I find persuasive the plaintiffs argument that mechanical forces alone or
primarily mechanical forces exerted by the rotation of a broken section of the
drive shaft are unlikely to have caused the significant distortion to the steel
of the pinion if the pinion had not been weakened and deformed by heat before
the fracture of the tail rotor drive shaft.
[227] Dr. Cepu, in my view, adequately explains the evidence of
damage aft of the quill assembly as damage caused by the rotating components
before and after failure of the pinion.
[228] On the
other hand, the defendants expert had difficulty explaining how a fracture of
any segment of the tail rotor drive shaft could produce forces of such
significance as to twist off the steel pinion at the point at which it
fractured and to cause the evidence damage to the duplex bearing. It stands to
reason, in my view, that the off-kilter rotation of the pinion caused the tail
rotor drive shaft to rub against the walls of the aperture and firewall and
fracture. It is difficult to conceive of a means by which off kilter rotation
of the tail rotor drive shaft can in any way had been transmitted through the
assembly in such a manner as to cause the obvious damage to the aft duplex
bearing and, in particular, the much more limited damage to the forward bearing
that occurred in this case.
[229]
It should be borne in mind that Dr. Morris posits a sequence of
events that is not very dissimilar from the plaintiffs theory. In
cross-examination he put it as follows:
Bearing failures tend to have
rather similar features, whatever their source was, in general
If youre
talking about pinion failure, the pinion failed, largely because the bearing
failed.

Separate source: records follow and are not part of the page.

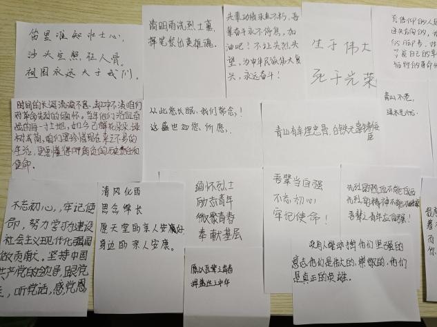 第三环节,对逝去的先烈和亲人说一句话写在便利贴上,同学们纷纷写下了自己对逝去的先烈和亲人想说的话,同学们用深情的话语表达对逝世亲人的思念,对先烈的缅怀。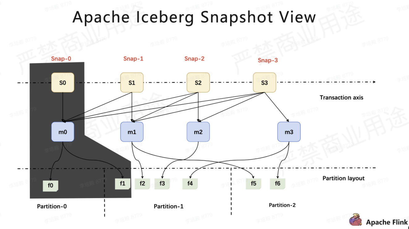 snapshot是iceberg比较重要的概念。Iceberg 基于MVCC(Multi-Version Concurrency Control)设计,每次commit都会生成一个快照(Snapshot),该快照包含唯一的snapshotId、时间戳timestamp及对应的manifest文件。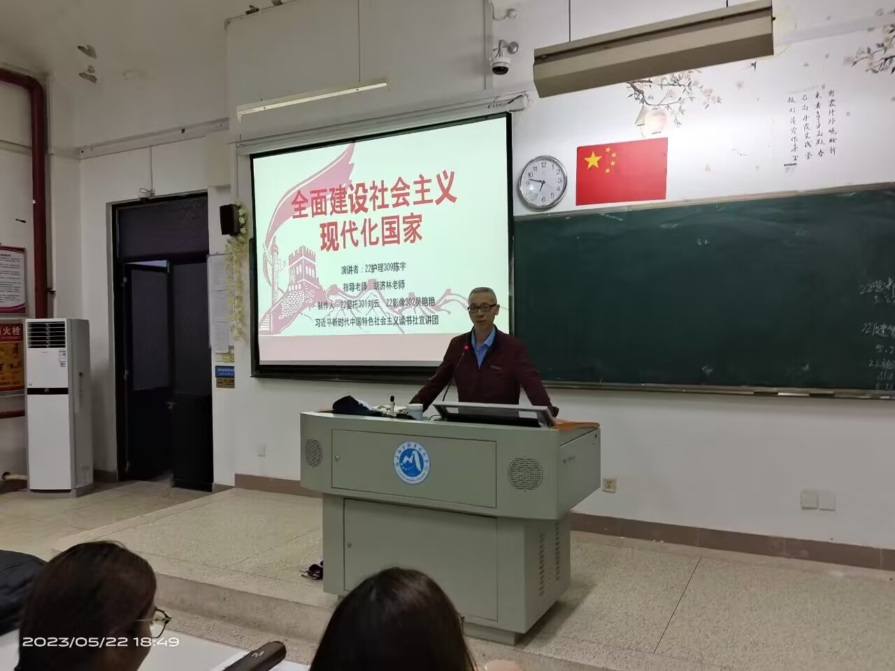 為了全面學(xué)習(xí)習(xí)近平新時代中國特色社會主義思想和黨的二十大精神,2023年5月22日,習(xí)近平新時代中國特色社會主義思想讀書社宣講團(tuán)成員在胡濟(jì)林老師的組織下,到教學(xué)樓310為四史班學(xué)生開展線下宣講交流。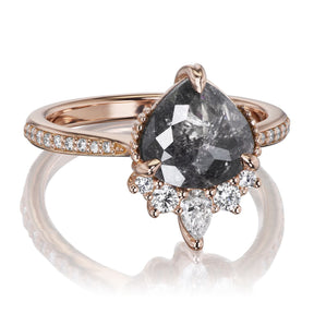 Trillion Rose Cut Salt + Pepper Diamond Center, Diamond Halo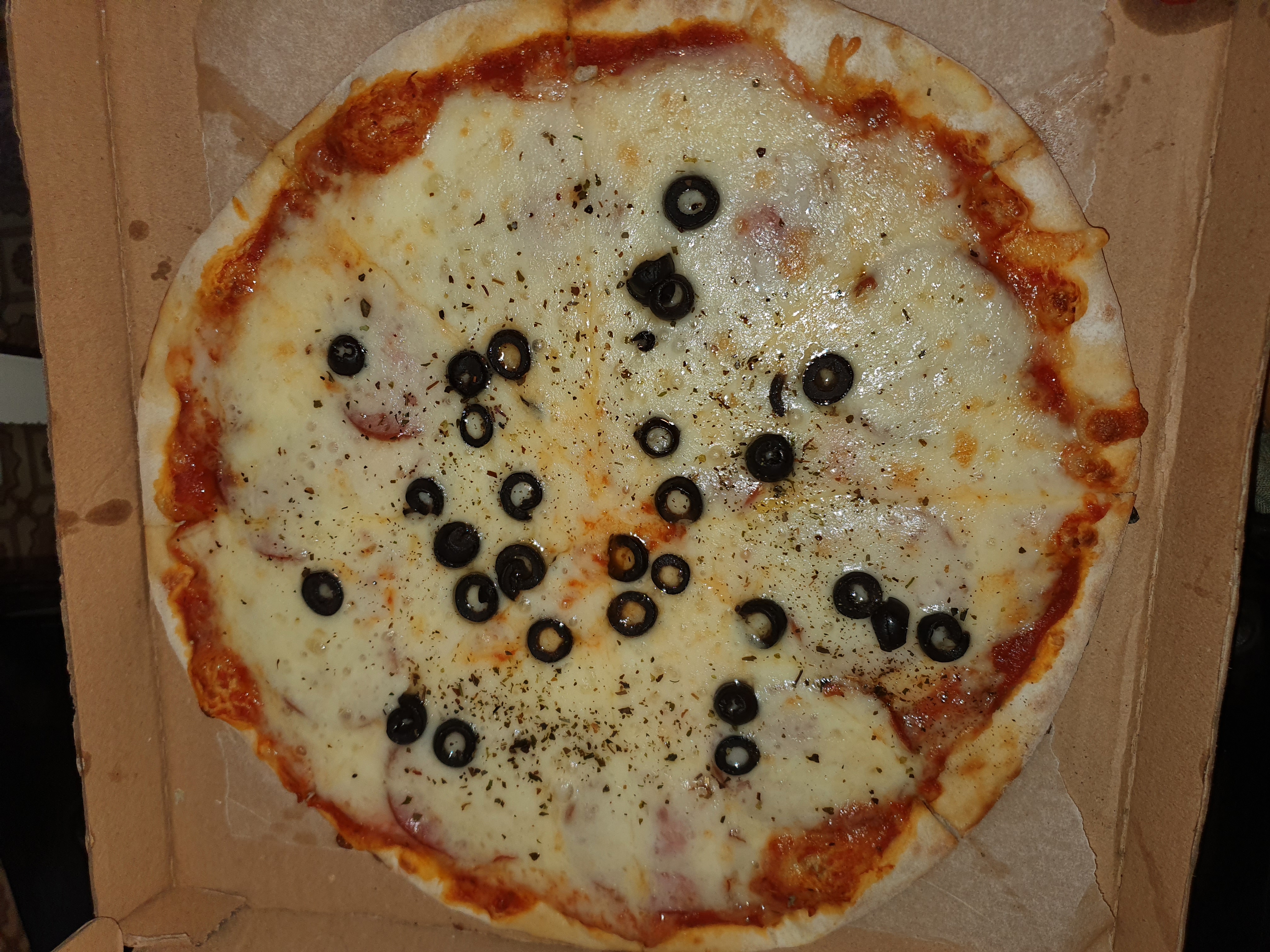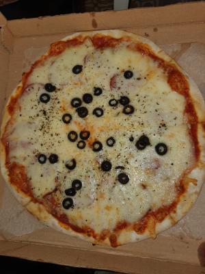 Состав: тесто, помидорная смесь, ветчина, салями, моцарелла, маслины, специи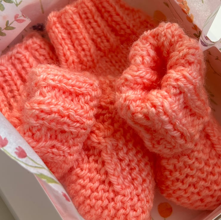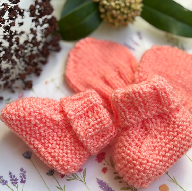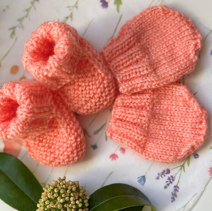 Peach colour gift set containing baby booties and scratch mittens to keep baby from scratching face and keeping warm at night.

A failure sequence was initiated, which resulted in the fracture of the
pinion and damage to the bearing
The nature of that failure appears to be a
misalignment of the pinion, which caused it, and the bearing to come out of
misalignment, and then they failed together
So — and you really cant
separate the pinion failure and the bearing failure
when you characterize what
I am saying, you have to be a bit specific on what you mean by failure. The
initiating event of the failure sequence appears to be some cocking or
misalignment of the pinion which caused a misalignment of the bearing, and then
caused it to fail
So the initiating event was the misalignment of the pinion,
right, but not the fracture of the pinion. That came later.
[230] Damage to
the drive shaft aft of the quill, in Dr. Morriss view, caused off-axis
rotation of the pinion. That led to accumulation of heat at the interface
between the pinion and the duplex bearing. The heated pinion fractured under
torsional load. According to this scenario, there was a period during which
excessive heat was generated in the duplex bearing. At a certain point, the
bearing stopped functioning normally and the pressure fitting between the
bearing and the pinion failed. For a very brief period of time, before the
fracture of the pinion, a broken piece of the tail rotor drive shaft would have
flailed about in the transmission bay.
[231]
The plaintiffs theory is that the sequence of events leading to failure
began with overheating of the duplex bearing. When it stopped functioning
normally, the pressure fitting between the bearing and the pinion was broken.
That led to the generation of excessive heat, and the extrusion and wobbling of
the pinion. That in turn led to the fracture of the tail rotor drive shaft,
which would have flailed about in the transmission bay, briefly, before the crash.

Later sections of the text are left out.